Red-marble stages are strongly individualistic. I put the bowls for those on the left side of the table. Blue ones are strongly oriented to the family, community or other groups. The bowls for those go on the right side of the table. And the bowl pattern is a zig-zag one because, as the creator of this model, the late Dr. Clare W. Graves, the gifted American psychologist, suggested, the dominant geometry of the mind’s development has been a spiral. The larger the basin, the more complexity and mobility, the more realness, the more knowledge, the more cosmic reality . . . the more functionality and flexibility our mind is capable of mobilizing and utilizing.

Until a few decades ago, every human alive and every human of history had assembled a mind for themselves from this grouping. There didn’t seem to be any other choice. Some individuals stayed at early stages and built worlds for themselves where technologies were simple and the emphasis by necessity was on simply surviving. Others moved on, diminishing some of the dangers and expanding others, making more sophisticated tools, adopting more and more sophisticated ideas and systems and ways to interact.

For the longest time, this was it. There were no other options for fashioning a mind.

Then, bro, nitro!

Suddenly, not long ago at all, just a few decades, we humans appear to have experienced our own Big Bang. Of the mind.

At this point in my demonstration, I reach beneath my prop cover-up and bring out another basin. Instantly, it is obvious that we are in another dimension. This basin is huge, dwarfing all the others. I set the new entry down some distance away from the original six.

“Dolphin waters,” I announce.

I do not know who the first dolphin thinker was. But I believe I’ve talked to more than a few. In my books, I’ve sought to augment their insights with personal experiences of my own.

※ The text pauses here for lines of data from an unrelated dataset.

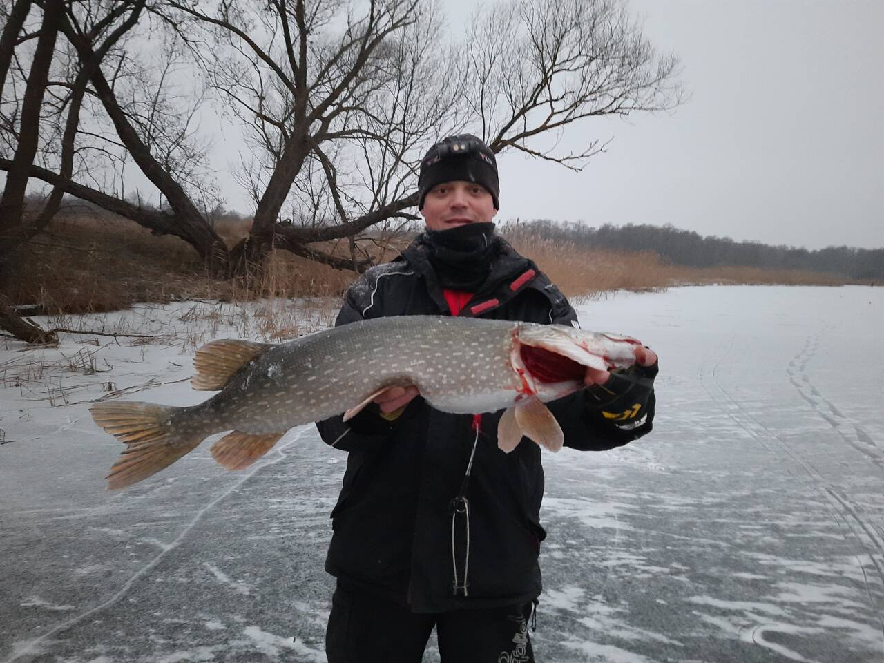 Сегодня с утра продолжение. От 15 жерлиц осталось 13. Живец закончился. Родная река сегодня порадовала, побил личный рекорд по щуке, хоть на чуть, но всё же. В такой речушке и такие крокодилы еще живут. 130ю лунку пришлось пешнёй расширять. Хотел было отпустить, но смутил тройник в желудке и, если показать детям, кто в реке живет, летом будут бояться купаться. Но затем всех пять подряд клюнувших килошних выпустил.
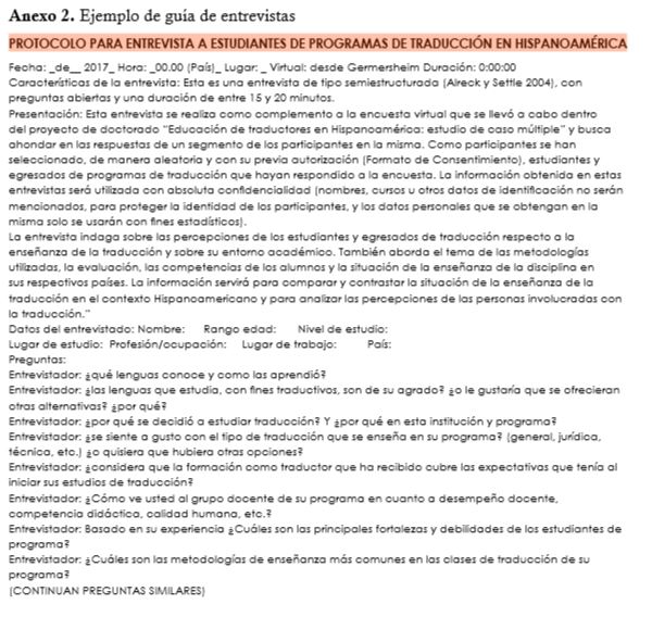 Para la realización de las entrevistas se elaboró una guía (véase Anexo 2) con una serie de preguntas semiestructuradas, de acuerdo con los tres grupos de entrevistados. Tal protocolo contenía la presentación de la entrevista, la cual se dividió en un segmento de información personal y un segmento de preguntas abiertas en torno a temas como: las razones para estudiar traducción; el motivo para elegir el programa; la opinión de la formación recibida; el conocimiento del plan de estudio; la facilidad de acceso a los medios tecnológicos; la percepción sobre la traducción en general, entre otras. En general, intentamos seguir las sugerencias a continuación,
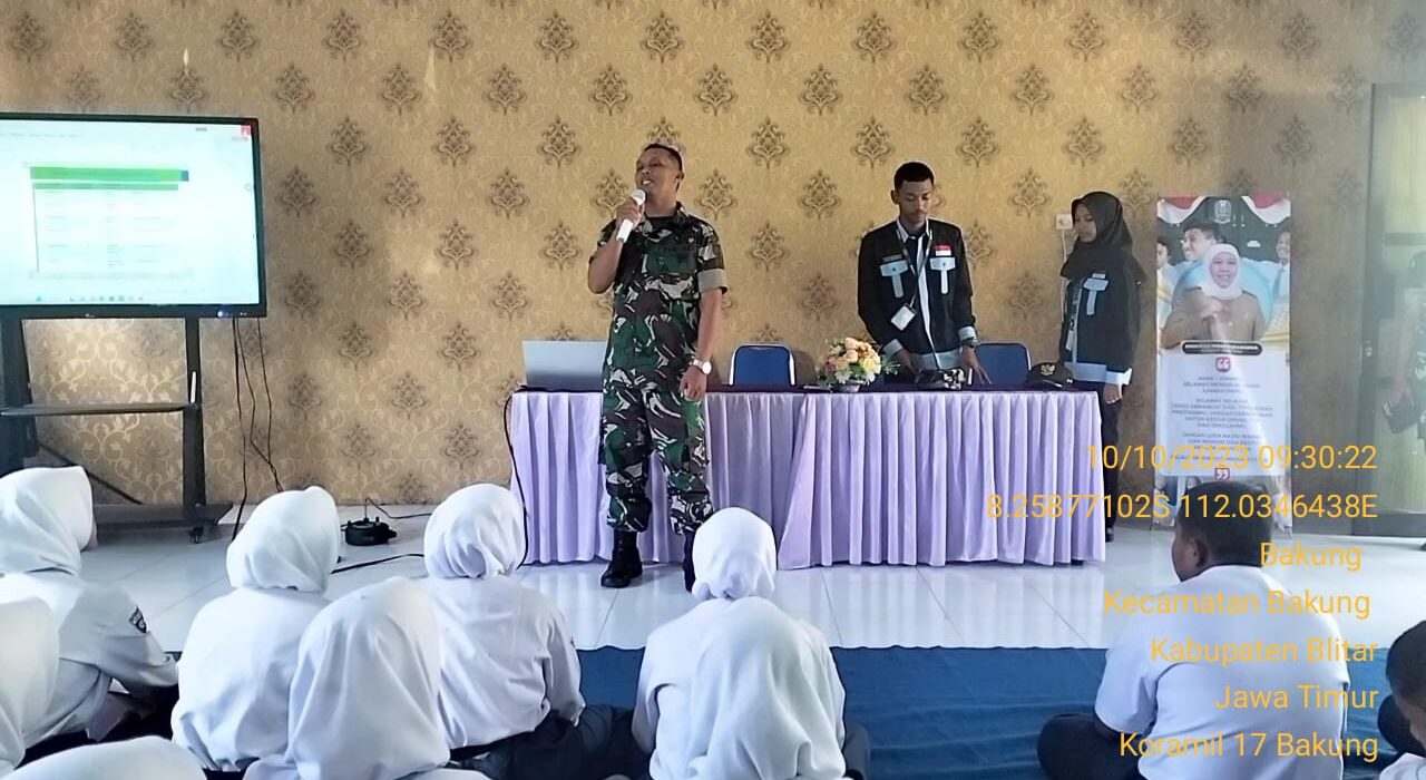 Untuk mewujudkan generasi muda yang berkualitas, anggota Koramil 0808/17 Bakung Kodim 0808/Blitar Pelda Tulus Widodo, melaksanakan kegiatan memberikan wawasan kebangsaan kepada siswa siswi, bertempat di SMKN 01 Bakung Kec. Bakung Kab. Blitar, Selasa (10/10/2023).
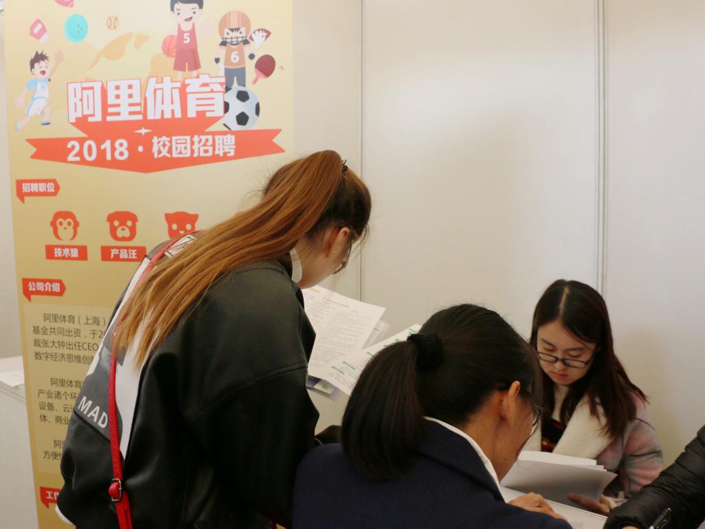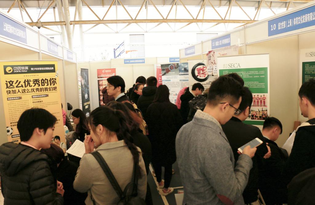 本网讯 11月24日,我校在风雨篮球场举办了2018届毕业生校园招聘会,10家企业进行现场宣讲,170家来自上海、北京、深圳、浙江、苏州、江西等地的用人单位来校招聘。其中包括阿里体育、体奥动力、虎扑体育、拉加代尔等众多体育行业知名企业,上海市多所学校、医疗卫生机构也分别组团来校招聘。参会单位总计提供了500多个岗位,招聘专业囊括我校所有专业大类。
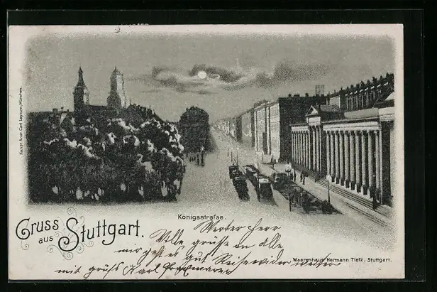 Mondschein-Lithographie Stuttgart, Blick auf Königsstrasse
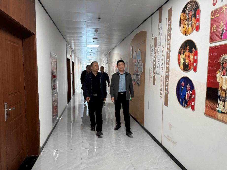 在天桥区文旅局领导及文化馆工作人员的陪同下,王建成一行实地考察了演播厅、摄影棚、舞蹈房、文化墙和合唱训练室。文化馆工作人员详细介绍了文化馆运营和基层文化服务开展情况,其中天桥区“小戏小剧”项目引起学院一行的高度兴趣,认为可以在国家艺术基金项目培育方面开展有效合作。
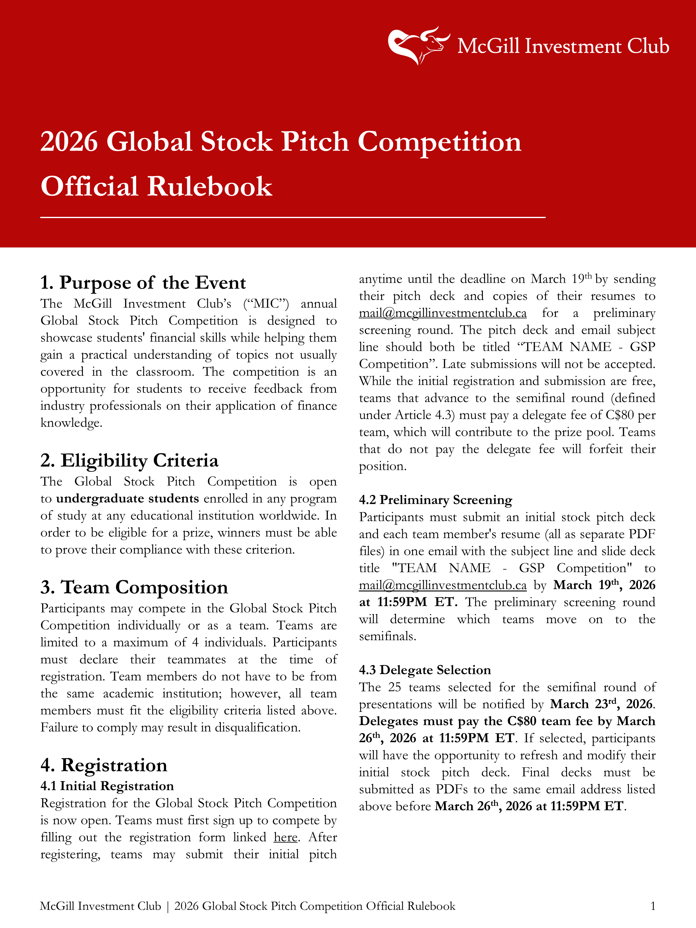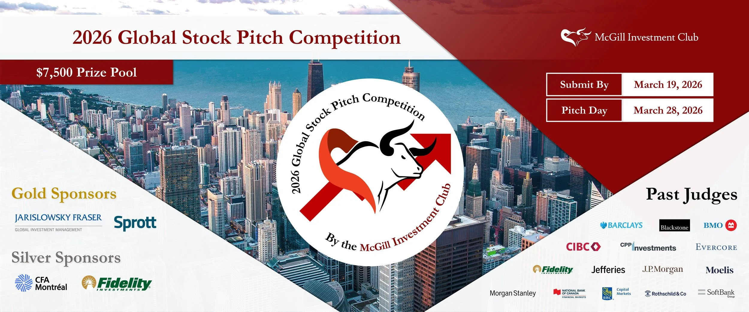 The McGill Investment Club (“MIC”) is excited to present its annual Global Stock Pitch Competition (“GSP”), open to all undergraduate students worldwide. On March 28th, 2026, teams of 1-4 will compete for a prize pool of C$7,500.
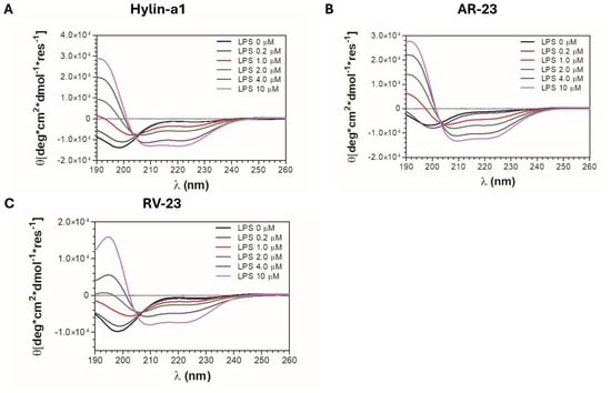 The overlay of representative CD spectra for Hylin-a1 (A), AR-23 (B), and RV-23 (C) is presented, showing their profiles at a concentration of 50 μM and in the presence of an increasing amount of LPS, ranging from 0.2 to 10 μM, in 5 mM sodium phosphate buffer at pH 7.4. CD spectra were recorded from 190 to 260 nm using a JASCO J-705 CD spectrophotometer at a controlled temperature of 25 °C (for further details, see Section 4). The spectra were adjusted by subtracting the respective background signals. Graphical representations were generated using GraphPad Prism 5.1 software (GraphPad Software, San Diego, CA, USA).
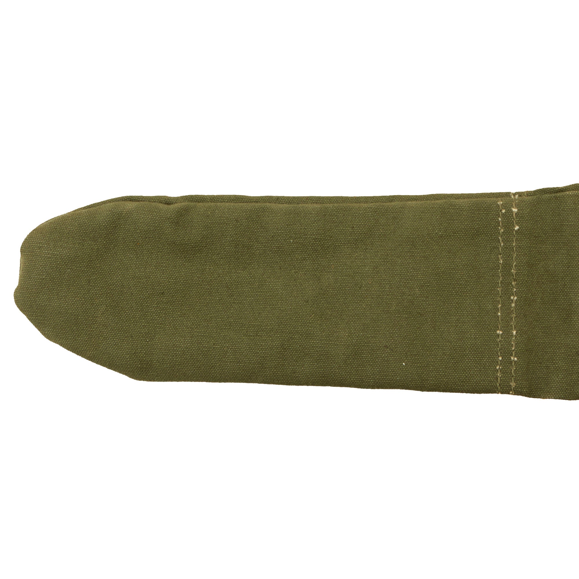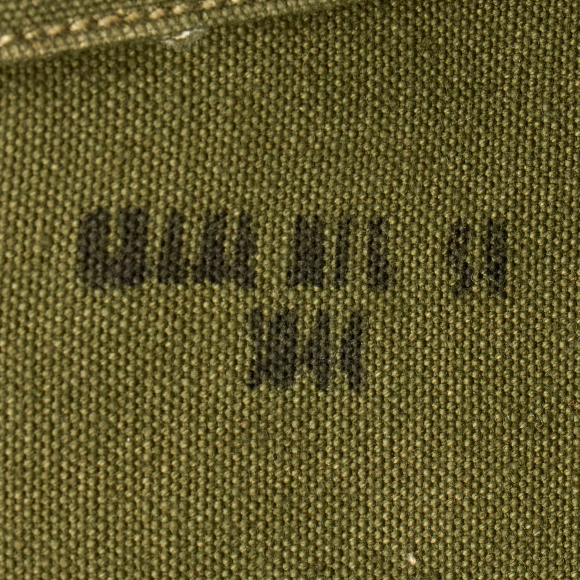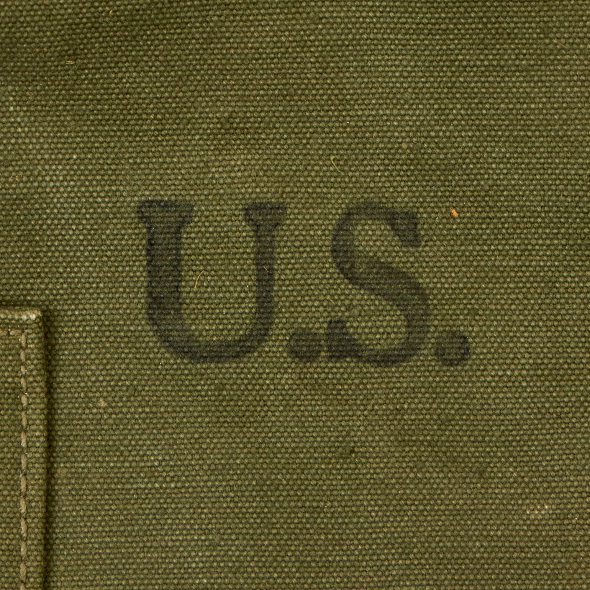This example is marked under the top flap: SHANE MFG. CO. / 1944, and is made of OD Green #7 Canvas, which has just a bit of storage wear as well as service wear with a few popped stitches. This is a darker, more "green" type of OD green, as typical of later war produced items. The case is overall very good, with an intact shoulder strap, working zipper, and no rips or tears in the fabric. Definitely excellent condition for any age. Ready to display along with your WWII Issue M1 Carbine!
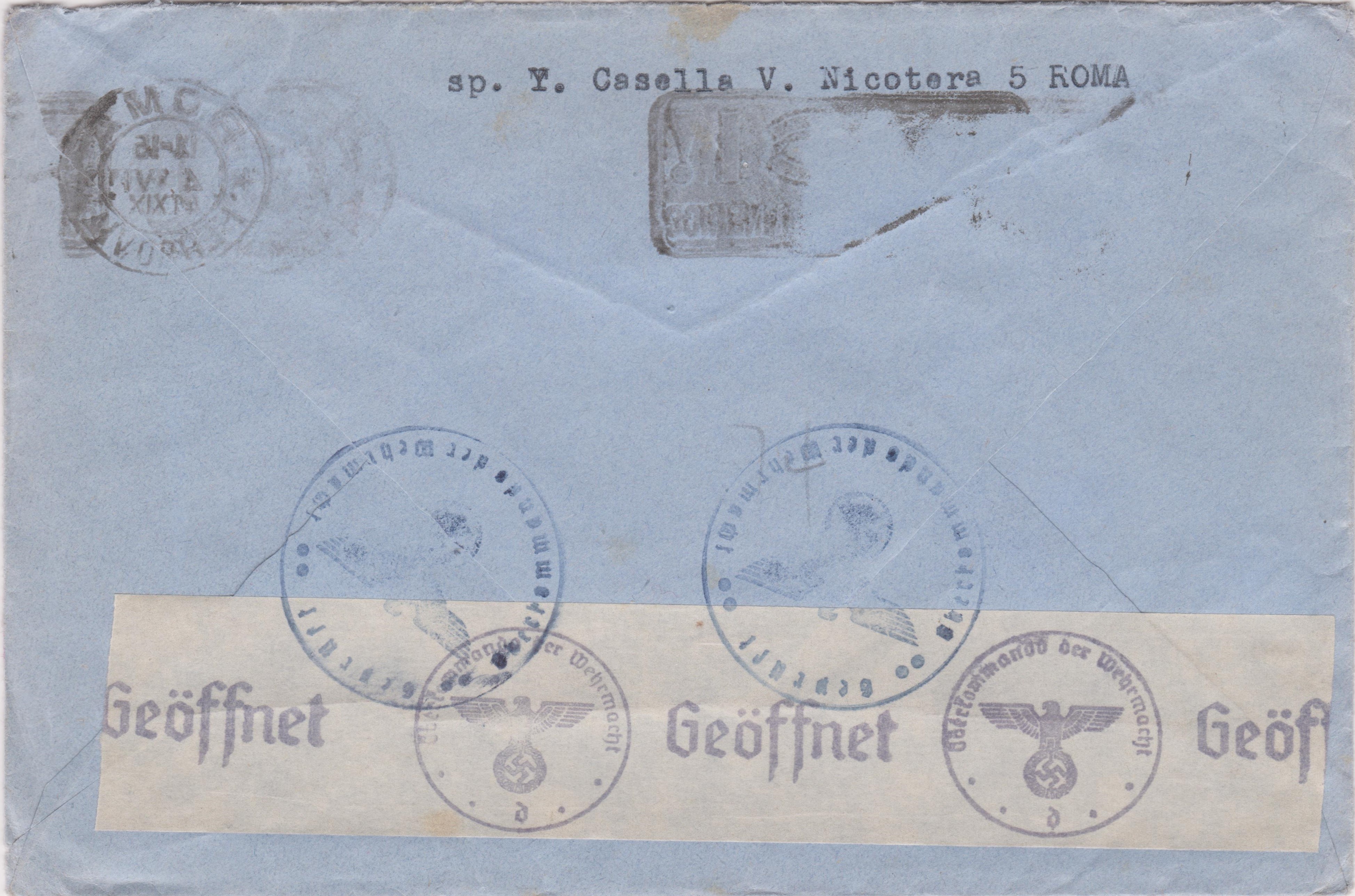 Der Brief durchlief die italienische Zensur, wo er dreiseitig geöffnet und nach erfolgter Prüfung mit Klebestreifen wieder verschlossen wurde.
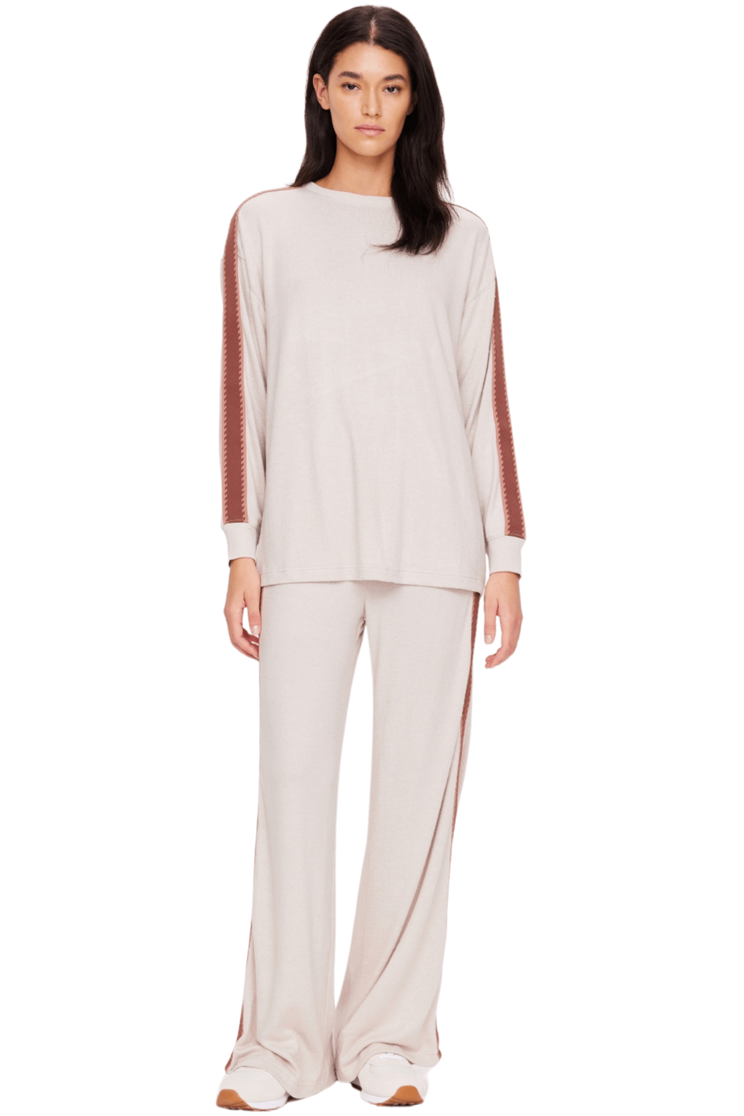 - Knitted tape detailing down the sides
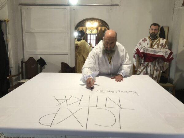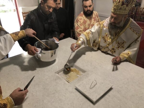 Ενώ, το Σάββατο 19 Οκτωβρίου, χοροστάτησε στην ακολουθία του Όρθρου, τέλεσε την ακολουθία των Εγκαινίων και τη Θεία Λειτουργία.

I’m very fortunate in that, as an itinerant philosopher and instructor of thinking skills, I get to commingle regularly with ambitious souls who want to “be the best they can be,” always searching, probing, inquiring . . . always thinking about how most effectively to discard the old and move on to the new.

I have no scientific survey of the world’s seven-plus billions to offer (and know of no way to structure or finance one anytime soon). And I freely acknowledge that my personal universe is a long way from reflecting the whole. But I offer this educated guess: that 5 to 8 percent of the adult population of the world’s economically advanced countries are capable of making the momentous leap to dolphin waters.

Those who succeed don’t regularly make the headlines or the talk shows or otherwise stand out in the media because their serious thoughts about issues and solutions typically find few hospitable receptors in the brains of interviewers or reporters—being too broad, early, radical, difficult, complex or indecipherable, or some mix of all this. But, if nothing else, the explosive rate of change in the new millennium is one indication that a growing number of these kinds of minds is around.

At the end of my demonstration with the bowls and marbles, I give all my participants a marble of their own and invite them to place it in my out-sized bowl.

“Something new is here,” I observe. “And given what’s happening and what’s needed in our world, the arrival of dolphin thinking skills is very timely.”